Silveiras surgiu ao final do século XVIII
em torno de um rancho de tropas, o da família
Silveira – daí o seu nome .“Vamos
lá para os Silveiras”. Logo, outros “ranchos”
foram se instalando, com destaque para as famílias
Guedes, Siqueira, Ventura de Abreu, Santos, Bueno,
dentre outros. Seus bairros denominados Macacos e
Bom Jesus – encosta da Serra da Bocaina e em
direção á Cunha e Paraty surgiram
antes, também em torno de tropeiros, já
em pleno ciclo do ouro – na saga da “trilha
entre Minas Gerais e os portos de Mambucaba e Paraty”.

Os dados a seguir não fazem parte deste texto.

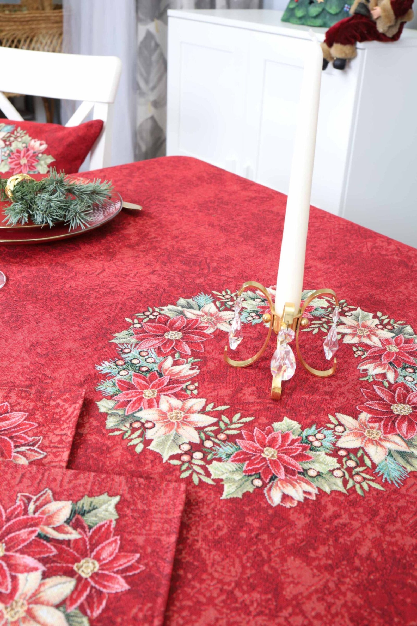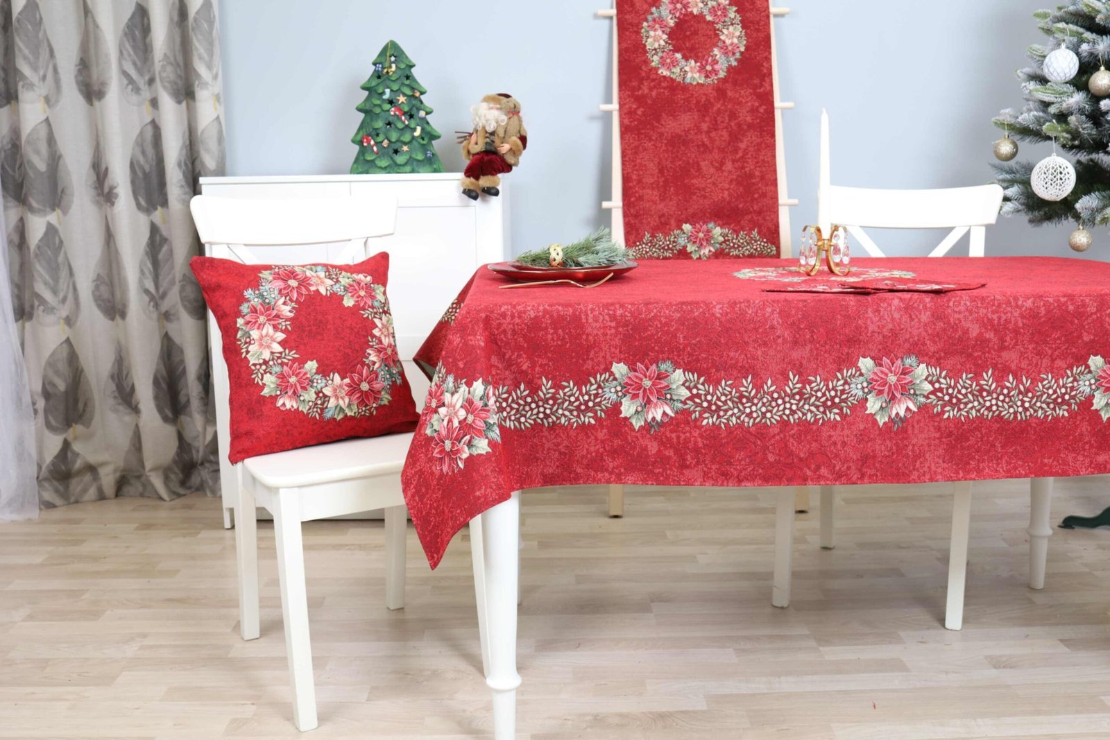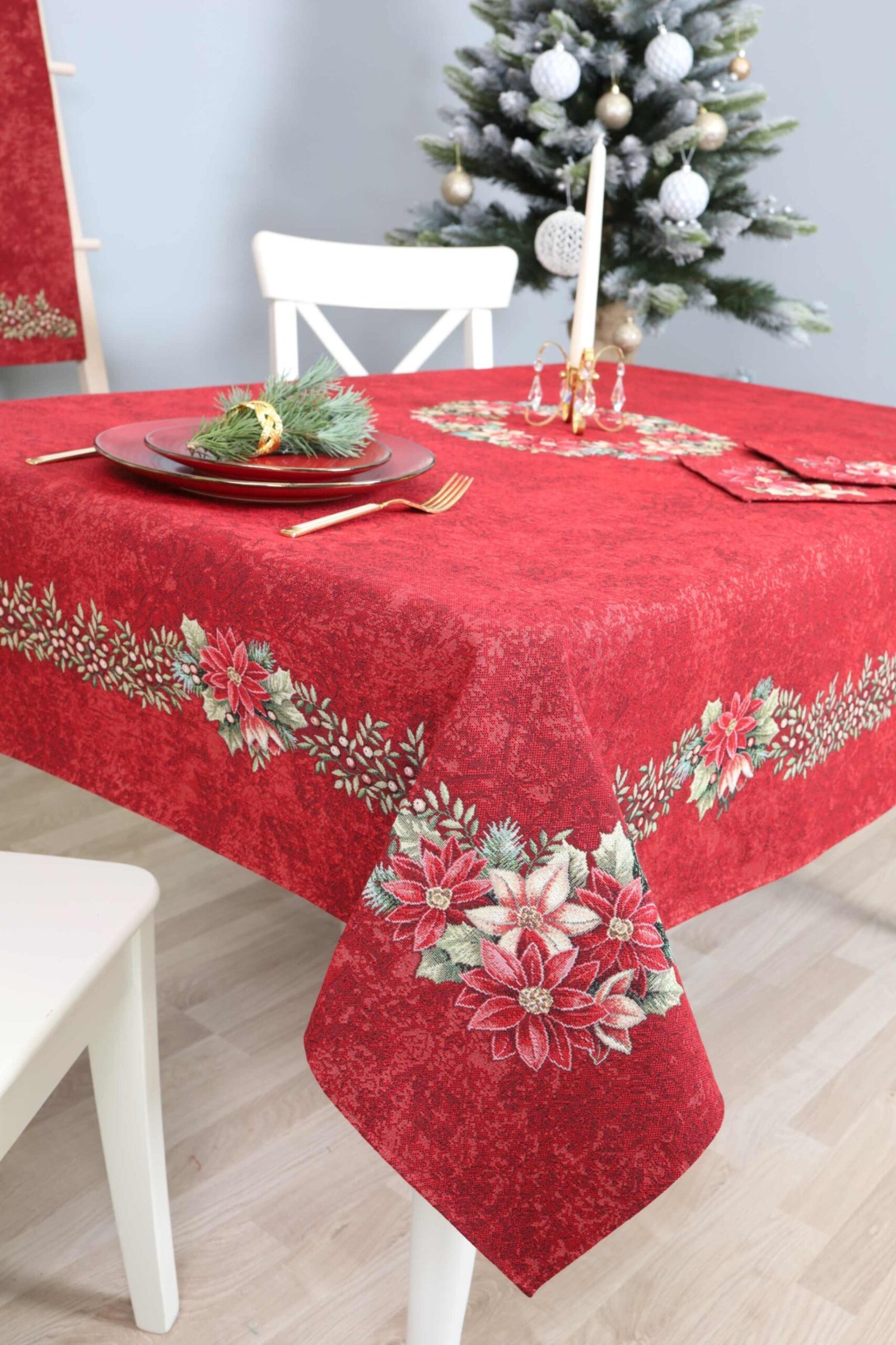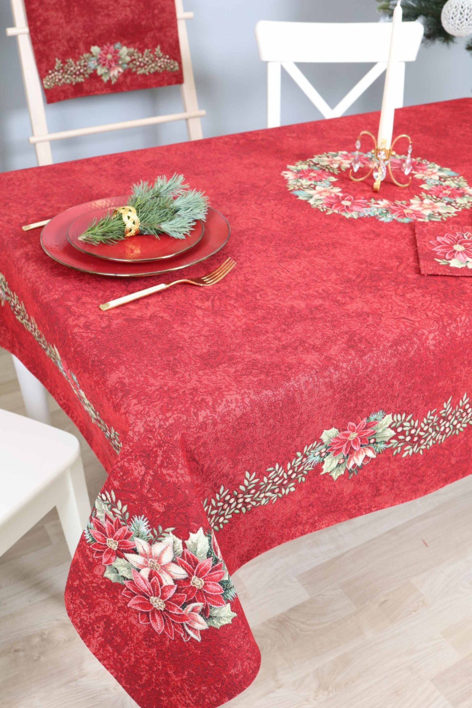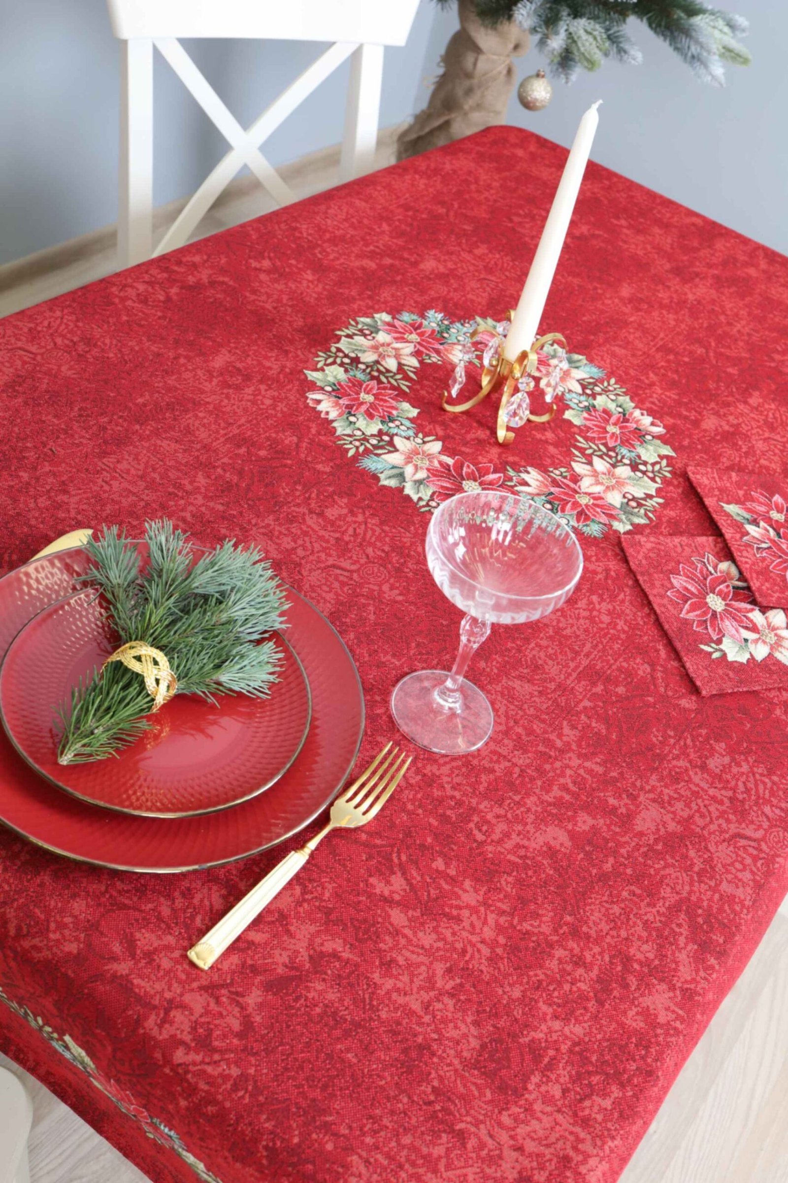 Red Christmas table Poinsettia Wreath

O desenvolvimento foi acelerado já nos primeiros
anos do século XIX com e chegada do café
e em 1830 surgia a Freguesia dos Silveiras, no então
enorme município de Lorena. Freguesia –
era a definição da época caracterizando
a implantação da Paróquia homenageando
Nossa Senhora da Conceição de Silveiras,
fortalecendo a capela antiga surgida em 1780, erguida
no mesmo local onde está a Matriz.
Com o desenvolvimento constante, a freguesia foi
elevada à condição de Vila em
1842 – desmembrando-se de Lorena e tendo a Nossa
Senhora da Conceição, como padroeira.
Vale registrar que a solicitação para
a criação da Vila surgiu dos próprios
silveirenses assegurando condições de
independência e vida autônoma para a vila.

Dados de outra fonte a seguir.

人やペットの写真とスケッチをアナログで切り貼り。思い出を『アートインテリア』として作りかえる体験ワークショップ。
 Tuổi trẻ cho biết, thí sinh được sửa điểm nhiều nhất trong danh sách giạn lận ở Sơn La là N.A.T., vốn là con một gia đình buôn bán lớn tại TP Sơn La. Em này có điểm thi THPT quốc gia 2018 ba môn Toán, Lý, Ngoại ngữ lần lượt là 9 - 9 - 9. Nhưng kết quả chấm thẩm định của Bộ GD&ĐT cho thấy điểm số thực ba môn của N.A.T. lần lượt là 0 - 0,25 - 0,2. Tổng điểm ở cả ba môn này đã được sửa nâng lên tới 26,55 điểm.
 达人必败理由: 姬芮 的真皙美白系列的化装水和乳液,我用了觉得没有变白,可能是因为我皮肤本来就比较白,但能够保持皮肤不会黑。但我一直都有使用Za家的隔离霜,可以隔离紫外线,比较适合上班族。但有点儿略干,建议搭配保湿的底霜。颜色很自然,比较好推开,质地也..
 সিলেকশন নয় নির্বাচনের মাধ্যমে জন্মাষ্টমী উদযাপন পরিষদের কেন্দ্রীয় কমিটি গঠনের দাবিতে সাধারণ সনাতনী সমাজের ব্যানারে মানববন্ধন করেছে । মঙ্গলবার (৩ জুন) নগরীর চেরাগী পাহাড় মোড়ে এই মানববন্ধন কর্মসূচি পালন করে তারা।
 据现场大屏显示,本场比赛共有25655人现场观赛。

Naquela época viviam em Silveiras 3.300 homens
livres e entre 1.600 e 1.700 escravos de origem africana.
Foi um período dramático para Silveiras.
A Revolução Liberal explodiu no Brasil
e o nosso município foi palco doloroso de combates.

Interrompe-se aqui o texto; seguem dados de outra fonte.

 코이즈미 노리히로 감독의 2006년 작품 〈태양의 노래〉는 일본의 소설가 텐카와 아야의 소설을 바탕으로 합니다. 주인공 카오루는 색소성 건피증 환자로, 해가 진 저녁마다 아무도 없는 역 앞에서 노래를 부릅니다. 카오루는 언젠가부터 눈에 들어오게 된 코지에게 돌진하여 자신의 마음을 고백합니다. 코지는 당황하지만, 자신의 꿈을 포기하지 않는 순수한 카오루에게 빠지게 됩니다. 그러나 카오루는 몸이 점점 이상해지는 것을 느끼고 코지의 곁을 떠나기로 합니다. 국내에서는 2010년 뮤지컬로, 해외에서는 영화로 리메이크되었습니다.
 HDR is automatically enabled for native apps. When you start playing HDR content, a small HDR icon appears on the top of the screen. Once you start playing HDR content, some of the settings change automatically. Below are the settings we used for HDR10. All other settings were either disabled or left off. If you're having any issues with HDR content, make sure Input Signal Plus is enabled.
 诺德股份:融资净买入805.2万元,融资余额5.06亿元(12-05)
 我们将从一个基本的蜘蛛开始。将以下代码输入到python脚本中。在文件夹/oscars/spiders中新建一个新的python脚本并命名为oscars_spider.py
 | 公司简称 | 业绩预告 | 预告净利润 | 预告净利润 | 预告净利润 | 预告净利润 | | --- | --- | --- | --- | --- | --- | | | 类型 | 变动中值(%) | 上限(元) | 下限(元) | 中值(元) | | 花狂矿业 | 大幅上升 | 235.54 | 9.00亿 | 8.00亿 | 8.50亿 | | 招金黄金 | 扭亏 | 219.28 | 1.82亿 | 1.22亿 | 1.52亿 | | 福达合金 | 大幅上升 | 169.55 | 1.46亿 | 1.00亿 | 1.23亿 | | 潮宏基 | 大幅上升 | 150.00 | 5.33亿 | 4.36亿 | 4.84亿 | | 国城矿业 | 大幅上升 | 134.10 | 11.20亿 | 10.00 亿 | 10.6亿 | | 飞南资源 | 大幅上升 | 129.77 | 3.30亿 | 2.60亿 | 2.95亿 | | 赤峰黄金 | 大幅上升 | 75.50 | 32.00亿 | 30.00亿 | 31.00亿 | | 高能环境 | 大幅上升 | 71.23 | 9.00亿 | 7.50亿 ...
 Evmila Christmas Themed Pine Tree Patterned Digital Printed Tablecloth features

Sangrentos encontros deixaram 56 chefes de famílias
assassinados pelas tropas do então Barão
de Caxias na manhã de 12 de julho de 1842 e,
aí estão as Trincheiras – para
testemunhar aquela tragédia. Essas mesmas trincheiras
foram reabertas em 1932 por ocasião da Revolução
Constituinte... marcas profundas do civismo nesta
terra.
As marcas da Revolução Liberal de 1842
foram tão dramáticas que a reconstrução
de Silveiras levou mais de dois anos e a implantação
da Vila dos Silveiras só viria ocorrer no dia
7 de setembro de 1844 quando ocorreu a eleição
dos primeiros vereadores.
Silveiras no século XIX foi o mais importante
núcleo de serviços dedicado ao tropeirismo
do Brasil. Nossos “ranchos” atendiam aos
tropeiros e suas tropas que faziam as “trilhas
do ouro” e da “Independência”
(São Paulo X Rio de Janeiro – Café).
Em 1864 Silveiras passou para Cidade e em 1888 foi
implantada a Comarca. Com a desativação
e enfraquecimento das “Minas Gerais”,
o café que se transferiu para novas terras
(oeste paulista), a estrada de ferro que não
passou no município, a abolição
da escravidão dos negros, a república
(mudança da ordem política), ocorre
o êxodo da População local e a
decadência atinge a comunidade. Chegamos a ter
mais de 25.000 habitantes – o 4º município
mais populoso do Vale do Rio Paraíba Paulista.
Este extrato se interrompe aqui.